— Action item —
What you return should be the lines from the one with "Senior Star skaters" through the one with "คิว และทำการตีตรามาตร ผูกลวด" in the data below, reproduced exactly with both ends, and no pictures at all.

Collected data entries

Segment Open

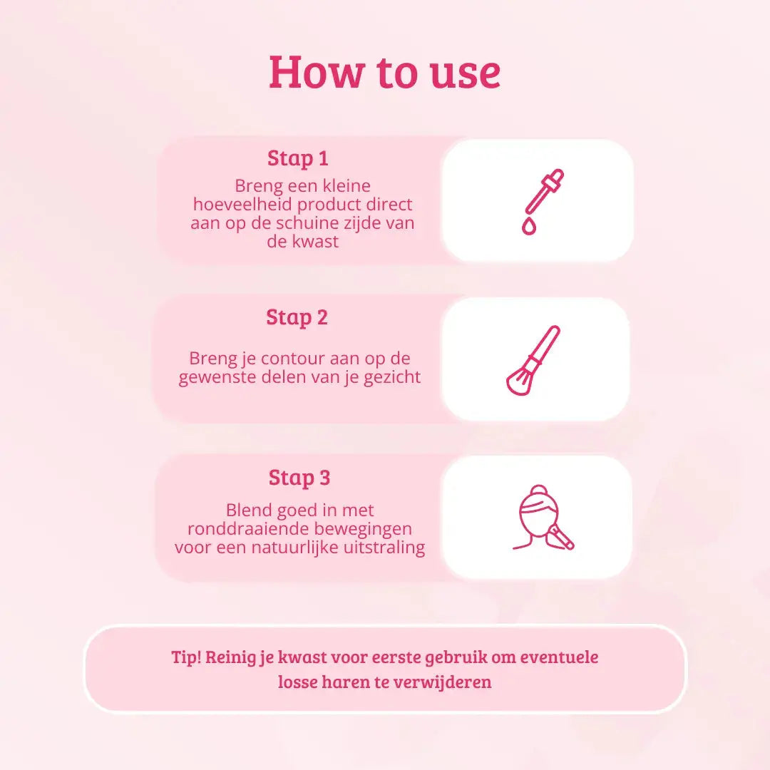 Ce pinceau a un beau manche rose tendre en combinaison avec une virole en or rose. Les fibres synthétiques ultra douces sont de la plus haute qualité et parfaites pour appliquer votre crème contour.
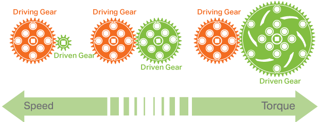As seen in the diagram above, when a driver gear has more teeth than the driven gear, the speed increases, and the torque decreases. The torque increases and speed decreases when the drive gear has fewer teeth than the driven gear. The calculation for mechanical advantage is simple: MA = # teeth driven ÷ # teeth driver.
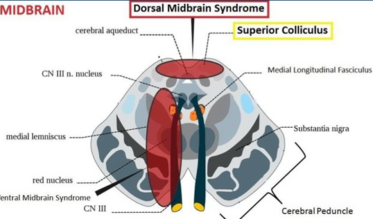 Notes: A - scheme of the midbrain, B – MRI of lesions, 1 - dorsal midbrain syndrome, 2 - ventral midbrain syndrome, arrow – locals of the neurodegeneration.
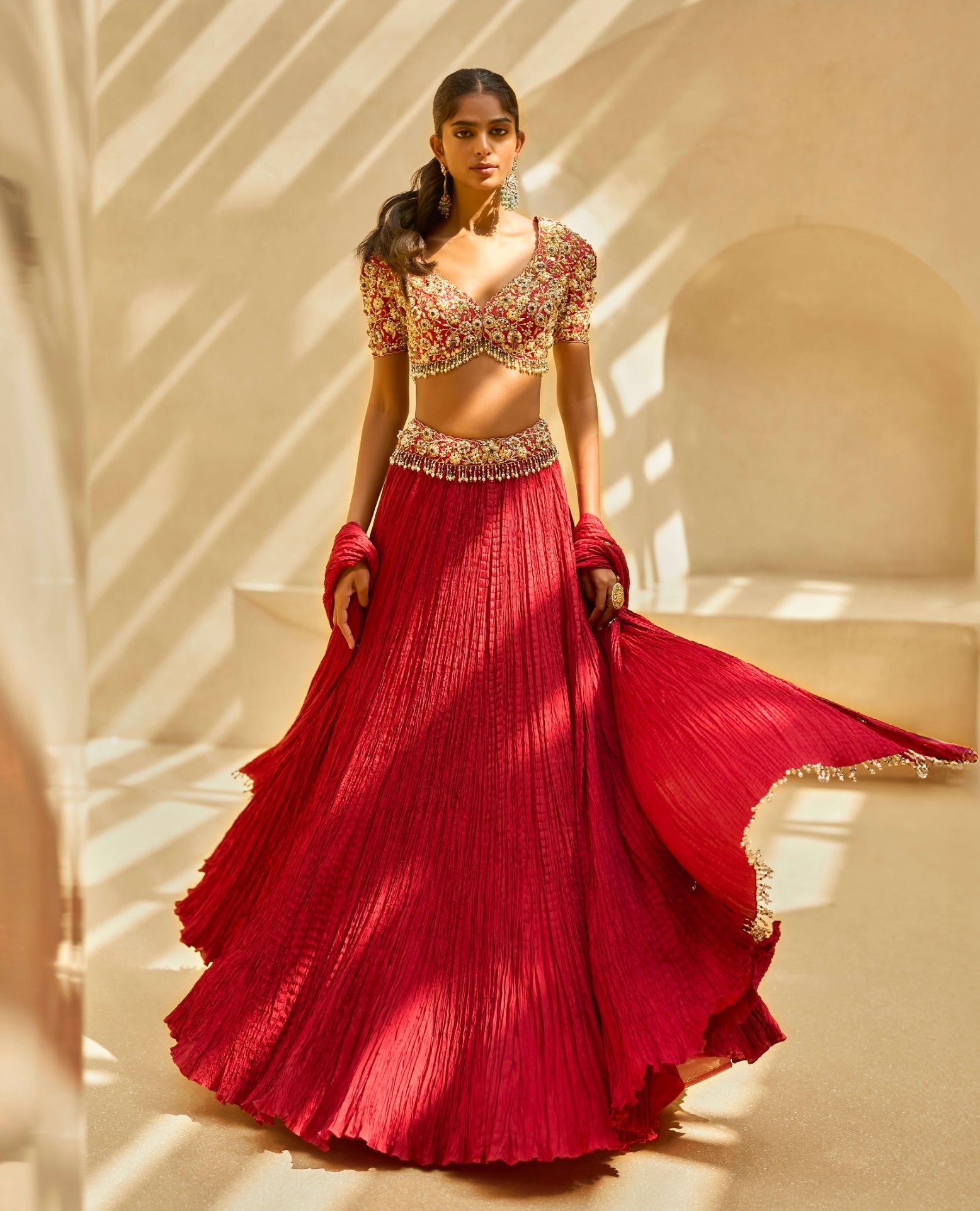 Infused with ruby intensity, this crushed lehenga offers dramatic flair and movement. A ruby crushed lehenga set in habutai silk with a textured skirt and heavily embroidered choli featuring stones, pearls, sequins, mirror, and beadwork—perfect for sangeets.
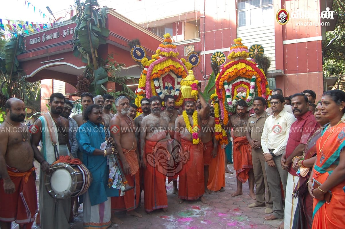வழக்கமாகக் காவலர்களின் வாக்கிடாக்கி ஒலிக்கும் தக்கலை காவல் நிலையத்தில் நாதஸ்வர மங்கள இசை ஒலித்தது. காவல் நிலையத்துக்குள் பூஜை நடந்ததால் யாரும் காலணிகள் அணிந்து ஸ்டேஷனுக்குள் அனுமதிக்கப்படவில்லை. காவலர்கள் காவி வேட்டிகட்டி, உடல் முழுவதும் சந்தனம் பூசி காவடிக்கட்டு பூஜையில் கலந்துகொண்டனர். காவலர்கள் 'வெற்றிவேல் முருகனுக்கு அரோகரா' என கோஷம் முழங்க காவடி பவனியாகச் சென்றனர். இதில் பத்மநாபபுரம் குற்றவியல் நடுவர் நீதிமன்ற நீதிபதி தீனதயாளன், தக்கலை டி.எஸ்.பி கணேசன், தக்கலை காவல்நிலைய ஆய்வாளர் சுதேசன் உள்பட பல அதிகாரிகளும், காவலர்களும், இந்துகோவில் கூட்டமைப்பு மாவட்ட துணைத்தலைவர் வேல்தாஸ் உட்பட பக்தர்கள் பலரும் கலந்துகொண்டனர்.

Segment Closed
Segment Open

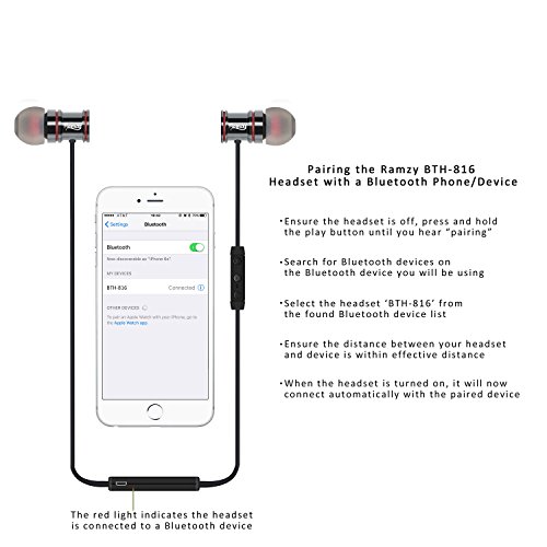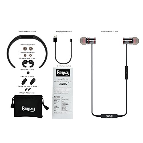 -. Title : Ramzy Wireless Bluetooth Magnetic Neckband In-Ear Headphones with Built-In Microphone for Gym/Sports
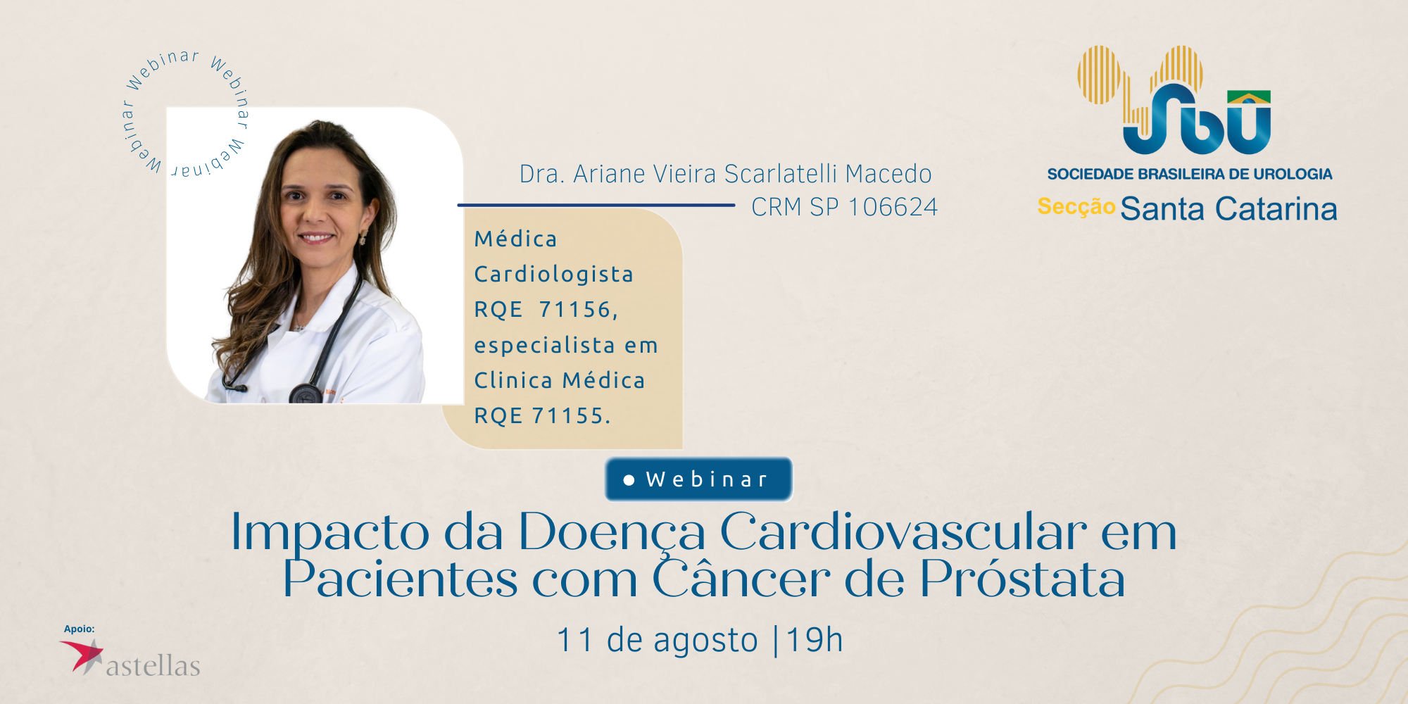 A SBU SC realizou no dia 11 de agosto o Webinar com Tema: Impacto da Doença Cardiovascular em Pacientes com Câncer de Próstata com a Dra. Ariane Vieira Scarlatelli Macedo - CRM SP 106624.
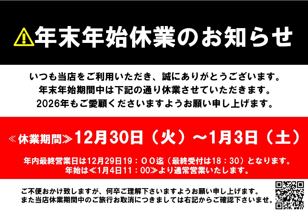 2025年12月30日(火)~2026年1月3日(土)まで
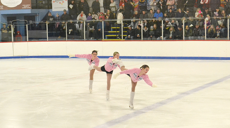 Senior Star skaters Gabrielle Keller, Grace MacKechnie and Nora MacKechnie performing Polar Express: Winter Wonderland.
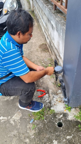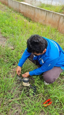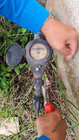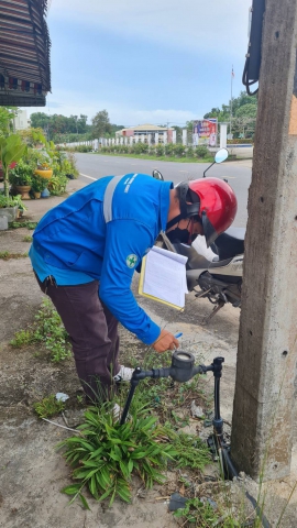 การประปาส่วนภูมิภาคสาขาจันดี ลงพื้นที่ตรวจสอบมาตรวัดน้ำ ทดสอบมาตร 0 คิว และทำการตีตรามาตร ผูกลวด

Segment Closed
Segment Open

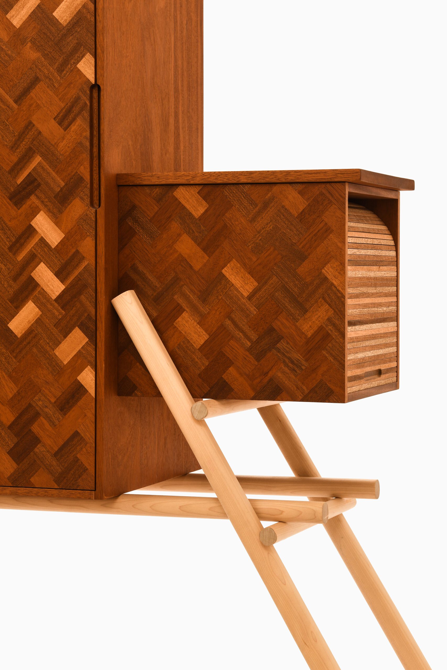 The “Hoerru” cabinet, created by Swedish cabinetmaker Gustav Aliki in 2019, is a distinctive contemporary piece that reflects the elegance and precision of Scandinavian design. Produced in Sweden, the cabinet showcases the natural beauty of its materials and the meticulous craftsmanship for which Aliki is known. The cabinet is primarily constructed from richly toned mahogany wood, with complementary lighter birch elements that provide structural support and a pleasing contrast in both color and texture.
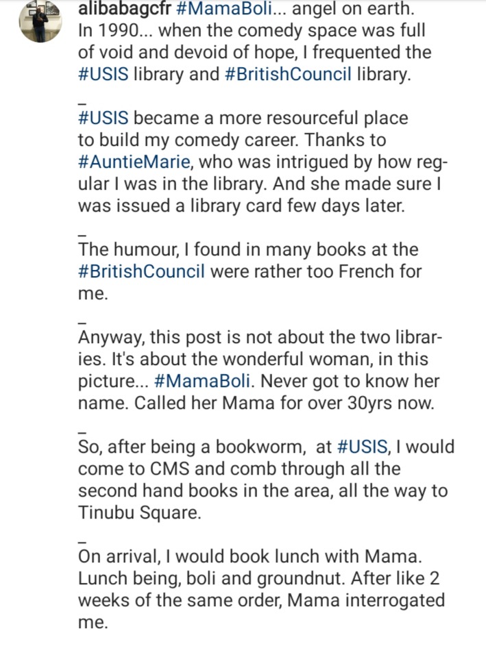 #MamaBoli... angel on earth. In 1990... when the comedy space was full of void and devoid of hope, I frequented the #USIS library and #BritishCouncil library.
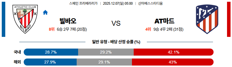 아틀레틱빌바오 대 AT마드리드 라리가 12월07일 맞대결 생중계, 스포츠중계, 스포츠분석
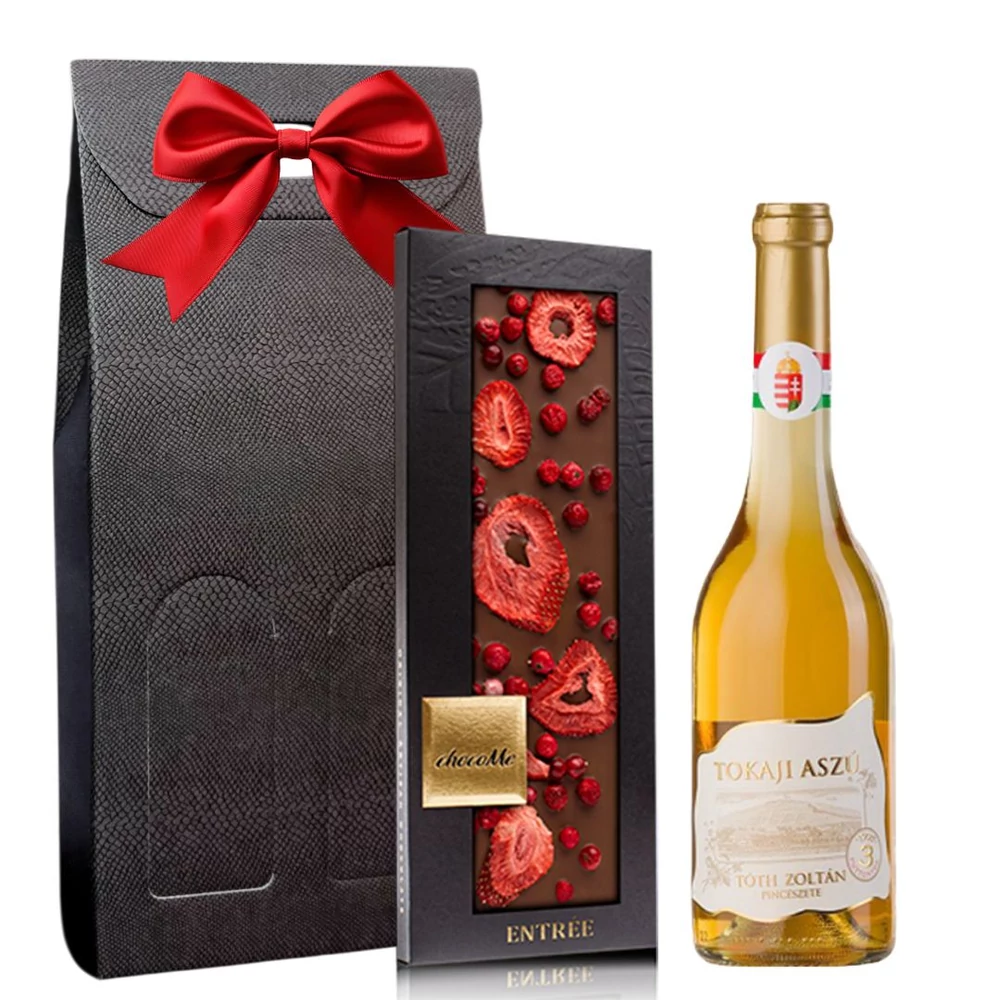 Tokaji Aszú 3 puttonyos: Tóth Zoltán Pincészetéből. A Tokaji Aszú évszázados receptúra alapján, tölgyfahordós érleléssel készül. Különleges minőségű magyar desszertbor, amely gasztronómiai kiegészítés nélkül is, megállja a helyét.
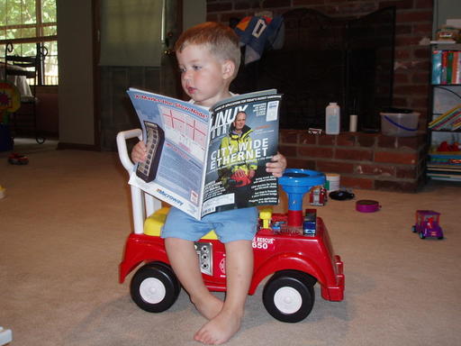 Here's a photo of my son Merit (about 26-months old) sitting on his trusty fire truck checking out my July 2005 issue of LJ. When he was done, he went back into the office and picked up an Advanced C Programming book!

Segment Closed

— Response area —
 Senior Star skaters Gabrielle Keller, Grace MacKechnie and Nora MacKechnie performing Polar Express: Winter Wonderland.
 การประปาส่วนภูมิภาคสาขาจันดี ลงพื้นที่ตรวจสอบมาตรวัดน้ำ ทดสอบมาตร 0 คิว และทำการตีตรามาตร ผูกลวด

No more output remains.